PARIS: Au lendemain d'un article-choc de Libération, la direction d'EELV a réaffirmé samedi sa confiance dans la cellule interne du parti chargée des violences faites aux femmes, après les accusations de violences psychologiques visant son ex-secrétaire national Julien Bayou.
Europe-Ecologie Les Verts, qui réunit ce week-end comme prévu son conseil fédéral -le parlement du parti-, avait rassemblé dans la matinée son bureau exécutif et la cellule interne, après un article de Libération révélant vendredi que Julien Bayou, qui a démissionné après des accusations de violences psychologiques sur une ex-compagne, était sous la surveillance de militantes féministes du parti.

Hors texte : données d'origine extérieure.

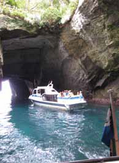 一年四季皆有出航的遊覽船,海上巡遊航程約20分鐘,每人1,200日圓,能直接開入自然形成的天窗洞內,從洞窟內欣賞從天窗灑下的陽光,海水因而顯得更加湛藍,是難得一見的地質奇景。

"Les informations parues dans Libé confirment la nécessité de réfléchir à la meilleure façon de traiter ce cas particulier", a expliqué un cadre d'EELV à l'AFP. Selon une autre source, il était "normal que les informations dans cet article soient prises en compte et traitées politiquement".
A l'issue de cette réunion, le bureau exécutif a renouvelé sa "confiance" dans la cellule interne, dont le travail a été critiqué par l'avocate de Julien Bayou, et par plusieurs responsables politique extérieurs, dénonçant une "justice privée".
Le secrétaire national adjoint Jérémie Crépel, qui remplace temporairement, avec Léa Balage, Julien Bayou, a fait part de "notre fierté de recueillir la parole des victimes et de traiter avec sérieux les violences sexistes et sexuelles alors que d’autres choisissent de les ignorer".
Il a souligné que "la possible nécessité d'externaliser toutes ou une partie des enquêtes (était) sur la table", mais a salué l'abnégation" des membres de cette cellule, "instance disciplinaire de notre mouvement chargée de proposer des sanctions internes".
Il a aussi confirmé qu'un audit "par un organisme externe indépendant", prévu bien avant l'affaire, "sera fait".
L'ordre du jour ordinaire du conseil fédéral est de décider du calendrier du prochain congrès. Celui-ci devrait avoir lieu en décembre, car un référendum interne, visant à le décaler, n'a pas obtenu le nombre de voix suffisant pour être validé.
«Ce qu'elle peut»
Le parti connaît des secousses internes depuis la démission lundi de Julien Bayou, pour pouvoir selon lui se défendre des accusations auxquelles il fait face et qu'il dément, sans qu'il n'y ait de plainte ni d'enquête judiciaire.
L'article de Libération a accentué le malaise, en révélant que depuis trois ans, Julien Bayou vivait sous la pression d’un collectif féministe informel qui lui reprochait sa conduite et enquêtait sur ses relations avec les femmes.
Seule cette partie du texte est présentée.